Data excerpt
____________
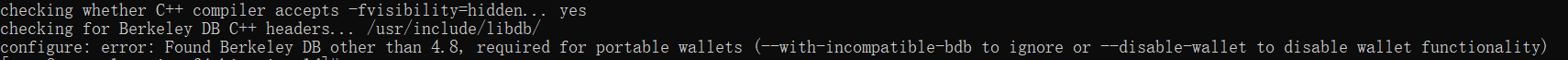 因此在 configure 阶段,我选择加了 --disable-wallet 这个选项,禁用掉钱包的功能。
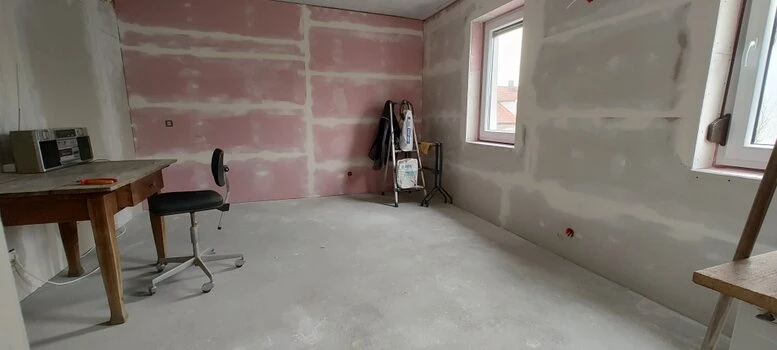 Estrich ist am trocken und Trockenbau nahezu abgeschlossen.
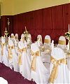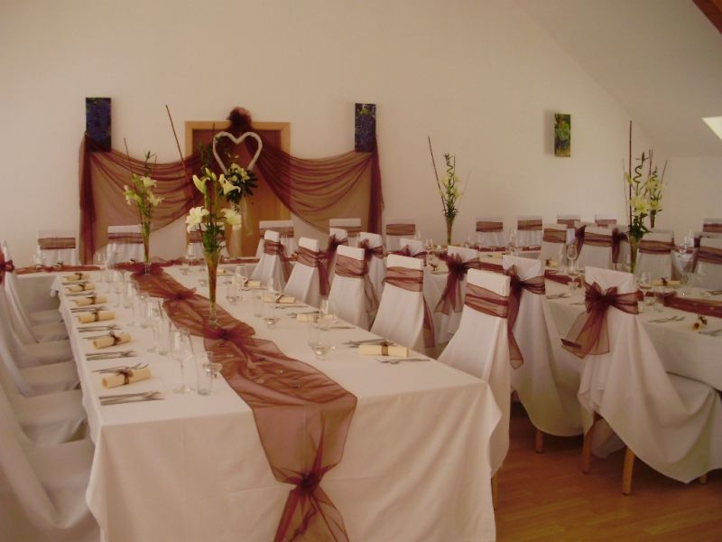 Ma már szinte minden esküvő elengedhetetlen kellékei a székszoknyák, hiszen ünnepivé, még különlegesebbé varázsolják az esküvői dekorációt, kiemelve és erősítve annak színvilágát és harmóniáját. A kezdetekben még csak néhány különböző színű szalaggal rendelkezett Irodánk, ám a nagy érdeklődésre való tekintettel, az évek során újabb és újabb színválasztékok készültek el. Így ma már 16 különböző színű szalagot tudunk ajánlani fehér (minden székre felrakható) székszoknyáinkhoz: fehér, krém, rózsaszín, barack, lila, mályva, pink, narancs, piros, bordó, kék, világoszöld, sötétzöld, gesztenyebarna, étcsokoládé-barna, arany.
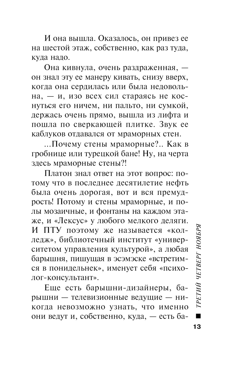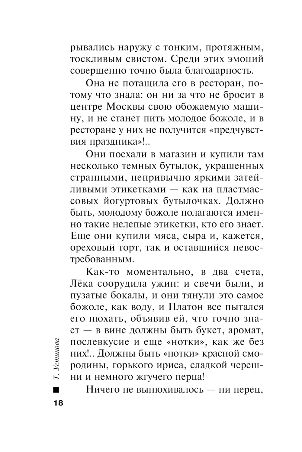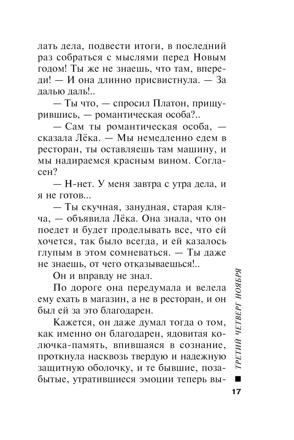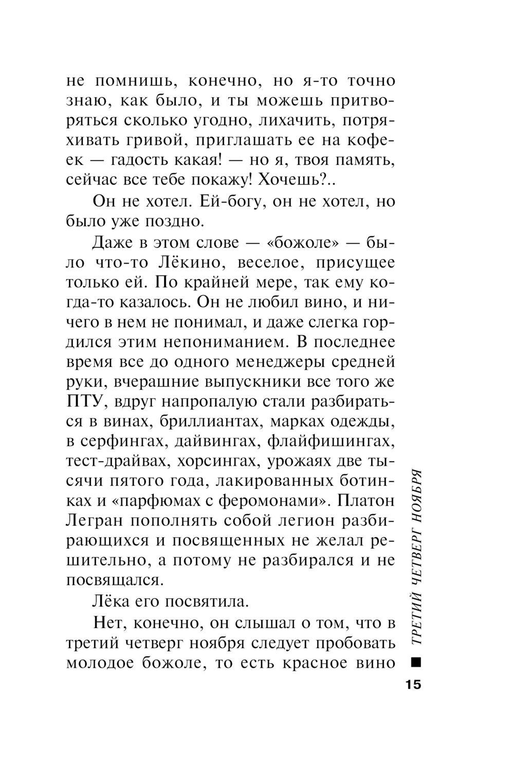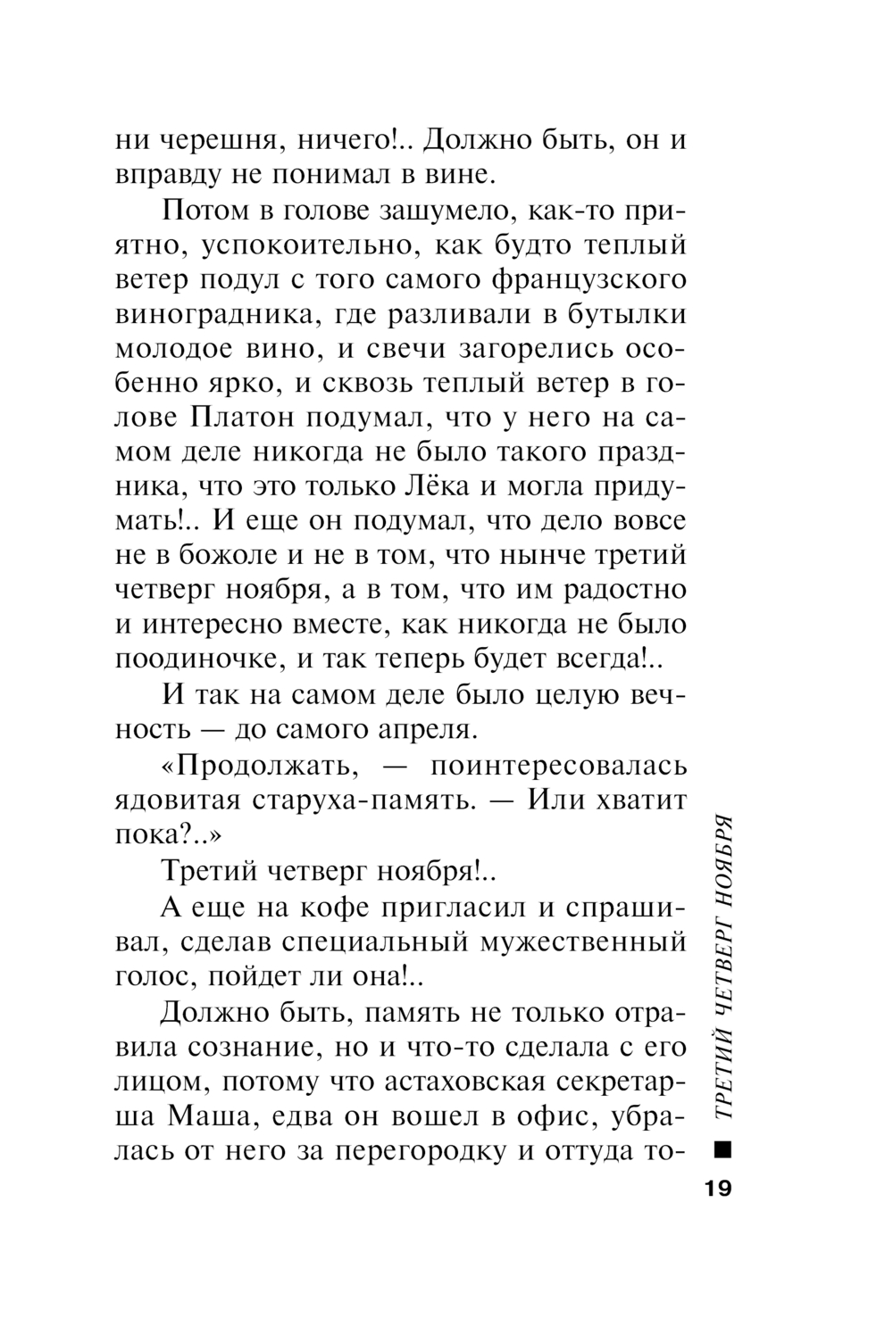 Потом в голове зашумело, как-то приятно, успокоительно, как будто теплый ветер подул с того самого французского виноградника, где разливали в бутылки молодое вино, и свечи загорелись особенно ярко, и сквозь теплый ветер в голове Платон подумал, что у него на самом деле никогда не было такого праздника, что это только Лёка и могла придумать!.. И еще он подумал, что дело вовсе не в божоле и не в том, что нынче третий четверг ноября, а в том, что им радостно и интересно вместе, как никогда не было поодиночке, и так теперь будет всегда!..
____________
Your assignment
Pictures stay out. Print the data exactly, from its first line through the line containing "Estrich ist am".

Expected output
 因此在 configure 阶段,我选择加了 --disable-wallet 这个选项,禁用掉钱包的功能。
 Estrich ist am trocken und Trockenbau nahezu abgeschlossen.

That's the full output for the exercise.